- Directions for this task
Reproduce the listing that follows word for word, without its pictures.

- Data segment
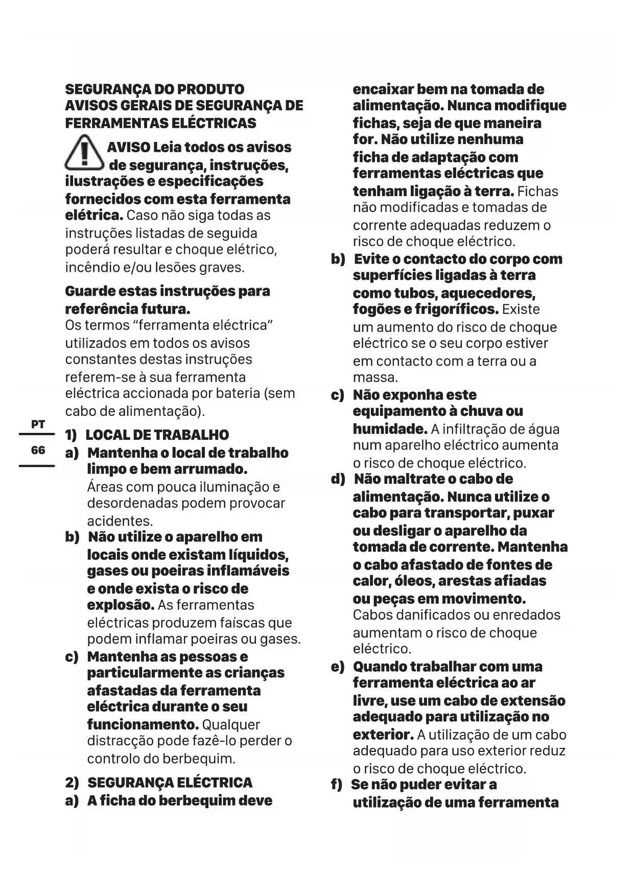 a) A ficha do berbequim deve encaixar bem na tomada de alimentação. Nunca modifique fichas, seja de que maneira for. Não utilize nenhuma ficha de adaptação com ferramentas eléctricas que tenham ligação à terra. Fichas não modificadas e tomadas de corrente adequadas reduzem o risco de choque eléctrico. b) Evite o contacto do corpo com superfícies ligadas à terra como tubos, aquecedores, fogões e frigoríficos. Existe um aumento do risco de choque eléctrico se o seu corpo estiver em contacto com a terra ou a massa. c) Não exponha este equipamento à chuva ou humidade. A infiltração de água num aparelho eléctrico aumenta o risco de choque eléctrico. d) Não maltrate o cabo de alimentação. Nunca utilize o cabo para transportar, puxar ou desligar o aparelho da tomada de corrente. Mantenha o cabo afastado de fontes de calor, óleos, arestas afiadas ou peças em movimento. Cabos danificados ou enredados aumentam o risco de choque eléctrico. e) Quando trabalhar com uma ferramenta eléctrica ao ar livre, use um cabo de extensão adequado para utilização no exterior. A utilização de um cabo adequado para uso exterior reduz o risco de choque eléctrico. f) Se não puder evitar a utilização de uma ferramenta67
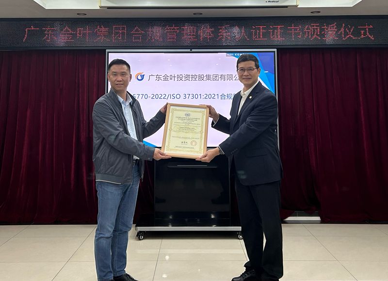 今年以来,广东金叶集团积极响应号召,启动集团总部合规管理体系建设,在中检广东公司的助力下,于今年11月顺利获得ISO 37301:2021/ GB/T 35770-2022国际标准和国内标准“双认证”,标志着广东金叶集团的合规管理体系达到国际国内认可的水平,迈上合规管理高质量发展新台阶。
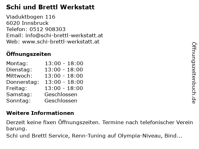 | Öffnungszeiten Schi und Brettl Werkstatt in Innsbruck anzeigen | |

- Answer for the task
 a) A ficha do berbequim deve encaixar bem na tomada de alimentação. Nunca modifique fichas, seja de que maneira for. Não utilize nenhuma ficha de adaptação com ferramentas eléctricas que tenham ligação à terra. Fichas não modificadas e tomadas de corrente adequadas reduzem o risco de choque eléctrico. b) Evite o contacto do corpo com superfícies ligadas à terra como tubos, aquecedores, fogões e frigoríficos. Existe um aumento do risco de choque eléctrico se o seu corpo estiver em contacto com a terra ou a massa. c) Não exponha este equipamento à chuva ou humidade. A infiltração de água num aparelho eléctrico aumenta o risco de choque eléctrico. d) Não maltrate o cabo de alimentação. Nunca utilize o cabo para transportar, puxar ou desligar o aparelho da tomada de corrente. Mantenha o cabo afastado de fontes de calor, óleos, arestas afiadas ou peças em movimento. Cabos danificados ou enredados aumentam o risco de choque eléctrico. e) Quando trabalhar com uma ferramenta eléctrica ao ar livre, use um cabo de extensão adequado para utilização no exterior. A utilização de um cabo adequado para uso exterior reduz o risco de choque eléctrico. f) Se não puder evitar a utilização de uma ferramenta67
 今年以来,广东金叶集团积极响应号召,启动集团总部合规管理体系建设,在中检广东公司的助力下,于今年11月顺利获得ISO 37301:2021/ GB/T 35770-2022国际标准和国内标准“双认证”,标志着广东金叶集团的合规管理体系达到国际国内认可的水平,迈上合规管理高质量发展新台阶。
 | Öffnungszeiten Schi und Brettl Werkstatt in Innsbruck anzeigen | |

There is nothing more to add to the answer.